ResNet paper : arxiv.org/abs/1512.03385
Today, we're going to talk about ResNet, which was introduced by the Microsoft team in Deep Residual Learning for Image Recognition ResNet introduced a methodically novel concept rather than a mathematically difficult concept: a concept called Residual.
Residual can be simply thought of as the error of the result, but it can be thought of as the remainder after subtracting X from Y. Therefore, in the past, the Residual was only used as a criterion for evaluation, and there was no thought of using it for learning.
Problem of Plain Network
Plain Network refers to networks that do not use skip/shortcut connection, such as AlexNet and VGGNet. These networks are problematic as the network gets deeper and deeper: gradient vanishing and gradient expanding.
Gradient vanishing/exploding
In a neural network, the derivative of the loss function corresponding to the weight is obtained through error back propagation to obtain the gradient. In this process, the partial derivative of the activation function is found and multiplied by that value. This causes the derivative of the activation function to converge to 0 or diverge to a very large value as the layer goes to the rear.
When the neural network deepens like this, when a small differential value is multiplied several times, it approaches 0, which is called Gradient Vanishing. Conversely, if a large derivative is multiplied several times, it will have a very large value, which is called Gradient Exploding.
A plain network that is too deep is difficult to learn. Let's look at the next picture first.
The reason why the error rate of the deeper 56-layer network is higher than the error rate of the 20-layer is called degradation in this paper, which is the same problem as the gradient vanishing described above. In this paper, the core idea to solve the gradient vanishing problem is that the deep model should not have a higher training error than the shallow model if the layers are deep and many layers are made by identity mapping.
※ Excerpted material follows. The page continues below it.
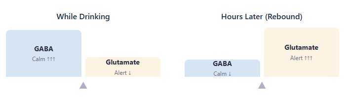 Picture a seesaw on a playground. Alcohol sits down hard on the "calm" side, pushing it all the way down. But your brain, trying to keep balance, starts loading weight onto the "alert" side. When alcohol gets up and walks away, the alert side comes crashing down with all that extra weight — launching your anxiety sky-high. The good news? Without alcohol constantly messing with the balance, your brain gradually removes that extra weight, and the seesaw settles back to center.

In this paper, this method is presented as a deep residual learning framework.
Residual Learning
If the underlying mapping of the existing neural network is H(x), that is, if the learning goal was to minimize H(x), the goal in this paper is to minimize F(x) = H(x) - x as a residual mapping. H(x) is redefined.
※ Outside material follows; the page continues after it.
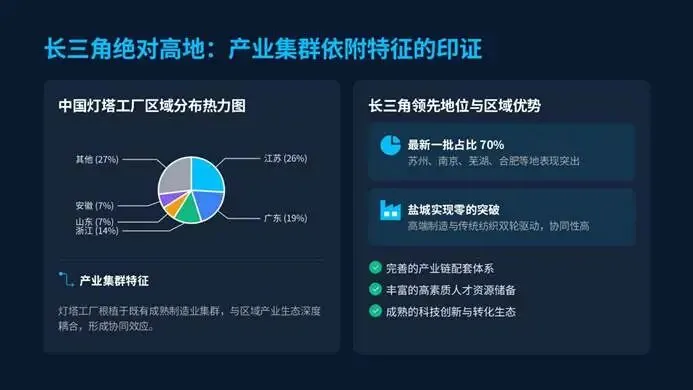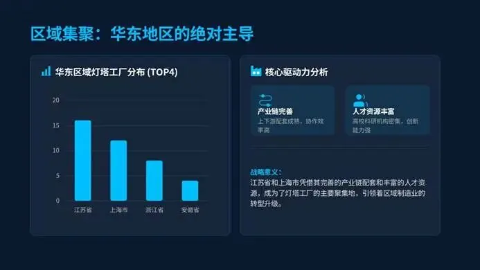 华东长三角凭借完善的产业链和丰富的人才,占据最新上榜工厂的70%,苏州、南京等地表现突出。而中西部也迎来智造升级机遇,宜宾宁德时代成为全球锂电首个可持续灯塔,重庆、荆门在新能源、生物医药领域快速突破,依托资源禀赋和政策支持,成为中国智造新增长极。

This redefinition method started with the assumption that identity mapping residual mapping F(x) is easier to optimize than optimizing the existing unreferenced mapping H(x).
That is, it is defined as H(x) = F(x) + x. Learn to F(x) = 0 so that H(x) = 0+ x. The characteristic of this method is that even if the above equation is differentiated, the gradient vanishing problem can be solved because the right term x is differentiated and has a value of 1.
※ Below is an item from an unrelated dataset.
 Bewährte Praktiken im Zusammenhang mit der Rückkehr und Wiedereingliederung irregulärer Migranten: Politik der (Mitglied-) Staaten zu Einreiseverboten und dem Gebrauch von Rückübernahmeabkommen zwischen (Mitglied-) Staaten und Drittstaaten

If you solve the problem of gradient vanishing in this way, you can build a neural network with better performance because you can build deeper layers of the neural network without reducing the accuracy.
Comparison of structures of ResNet and other networks
Architecture of Plain Networks
Plain baseline was inspired by VGG. The convolutional layer is designed with a 3x3 filter and two rules.
- Filter of the same size as the map size of the same output feature.
- If the size of the feature map is reduced by half, the depth of the filter is doubled to preserve the time complexity.
Architecture of Residual Network
A shortcut connection has been added based on the Plain Network. Residual Network should set input and output to the same size. There are two things to consider for doing so.
- Sizing with zero padding.
- Sizing with projection.
Experiments
For plain networks, 34-layer performed worse than 18-layer. On the other hand, ResNet can confirm that 34-layer performs better than 18-layer.
Based on the above experiment, the residual network (right graph) shows that the degradation problem of the plain network (left graph) has been solved, and the initial convergence speed is also fast, and it can be seen that the optimization of resnet is easy through this.
In Table 1, it can be seen that the structure has changed slightly from 50-layer or higher, as the number of layers increases, the parameter increases, and the number of FLOP increases, so the complexity increases, and the bottle neck architecture is used to solve this problem.
Bottleneck is basically used to reduce the amount of computation, and it reduces the number of channels through 1x1 conv to reduce the demension like GoogLeNet's Inception structure, and then increases the number of channels through 1x1 conv again. As shown in the figure above, the computation volume is reduced, and additional non-line (ReLU) is also helpful.